» **Problem details**:
Output only the lines below from the one holding "We are happy" down to the one holding "Between 1970 and", both end lines included and every picture dropped.

Given information START

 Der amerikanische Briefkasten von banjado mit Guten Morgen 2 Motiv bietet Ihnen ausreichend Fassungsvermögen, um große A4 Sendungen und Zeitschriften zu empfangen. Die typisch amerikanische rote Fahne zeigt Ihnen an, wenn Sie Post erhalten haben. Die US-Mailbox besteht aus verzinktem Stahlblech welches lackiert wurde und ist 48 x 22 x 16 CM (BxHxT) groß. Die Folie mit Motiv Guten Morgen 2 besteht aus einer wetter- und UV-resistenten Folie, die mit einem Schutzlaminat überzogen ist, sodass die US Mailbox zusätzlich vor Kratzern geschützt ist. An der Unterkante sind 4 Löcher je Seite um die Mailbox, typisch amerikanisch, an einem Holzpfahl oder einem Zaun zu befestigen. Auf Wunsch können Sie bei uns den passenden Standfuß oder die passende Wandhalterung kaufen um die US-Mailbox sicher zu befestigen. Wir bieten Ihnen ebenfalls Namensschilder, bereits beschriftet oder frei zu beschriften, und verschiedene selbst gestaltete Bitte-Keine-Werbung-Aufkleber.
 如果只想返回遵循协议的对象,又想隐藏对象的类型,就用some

Given information END
Given information START

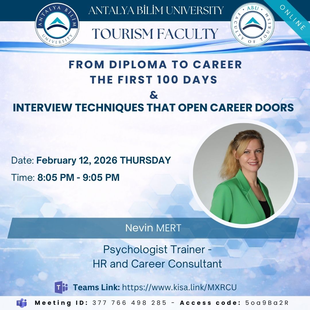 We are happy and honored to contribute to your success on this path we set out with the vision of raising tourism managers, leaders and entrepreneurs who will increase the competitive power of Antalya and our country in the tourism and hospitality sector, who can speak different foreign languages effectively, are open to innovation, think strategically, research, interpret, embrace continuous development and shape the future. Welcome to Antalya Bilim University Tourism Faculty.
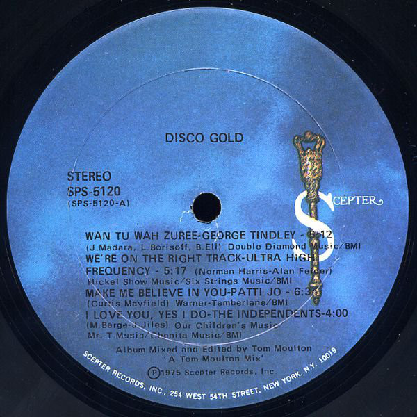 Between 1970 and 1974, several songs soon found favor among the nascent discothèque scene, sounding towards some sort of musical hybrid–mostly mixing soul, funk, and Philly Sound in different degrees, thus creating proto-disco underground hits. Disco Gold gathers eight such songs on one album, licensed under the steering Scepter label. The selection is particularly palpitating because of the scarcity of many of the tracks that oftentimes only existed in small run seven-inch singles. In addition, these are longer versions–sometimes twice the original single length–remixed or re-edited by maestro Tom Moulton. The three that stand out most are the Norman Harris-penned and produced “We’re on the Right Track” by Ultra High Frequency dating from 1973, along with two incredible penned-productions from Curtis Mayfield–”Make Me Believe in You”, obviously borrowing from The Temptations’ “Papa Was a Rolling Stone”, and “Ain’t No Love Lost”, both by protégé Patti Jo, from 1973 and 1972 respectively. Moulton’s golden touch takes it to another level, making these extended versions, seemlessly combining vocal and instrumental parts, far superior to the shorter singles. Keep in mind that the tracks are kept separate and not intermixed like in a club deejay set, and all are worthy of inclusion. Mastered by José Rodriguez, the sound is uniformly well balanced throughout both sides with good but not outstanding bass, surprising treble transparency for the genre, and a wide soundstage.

Given information END

» **Completed exercise**:
 We are happy and honored to contribute to your success on this path we set out with the vision of raising tourism managers, leaders and entrepreneurs who will increase the competitive power of Antalya and our country in the tourism and hospitality sector, who can speak different foreign languages effectively, are open to innovation, think strategically, research, interpret, embrace continuous development and shape the future. Welcome to Antalya Bilim University Tourism Faculty.
 Between 1970 and 1974, several songs soon found favor among the nascent discothèque scene, sounding towards some sort of musical hybrid–mostly mixing soul, funk, and Philly Sound in different degrees, thus creating proto-disco underground hits. Disco Gold gathers eight such songs on one album, licensed under the steering Scepter label. The selection is particularly palpitating because of the scarcity of many of the tracks that oftentimes only existed in small run seven-inch singles. In addition, these are longer versions–sometimes twice the original single length–remixed or re-edited by maestro Tom Moulton. The three that stand out most are the Norman Harris-penned and produced “We’re on the Right Track” by Ultra High Frequency dating from 1973, along with two incredible penned-productions from Curtis Mayfield–”Make Me Believe in You”, obviously borrowing from The Temptations’ “Papa Was a Rolling Stone”, and “Ain’t No Love Lost”, both by protégé Patti Jo, from 1973 and 1972 respectively. Moulton’s golden touch takes it to another level, making these extended versions, seemlessly combining vocal and instrumental parts, far superior to the shorter singles. Keep in mind that the tracks are kept separate and not intermixed like in a club deejay set, and all are worthy of inclusion. Mastered by José Rodriguez, the sound is uniformly well balanced throughout both sides with good but not outstanding bass, surprising treble transparency for the genre, and a wide soundstage.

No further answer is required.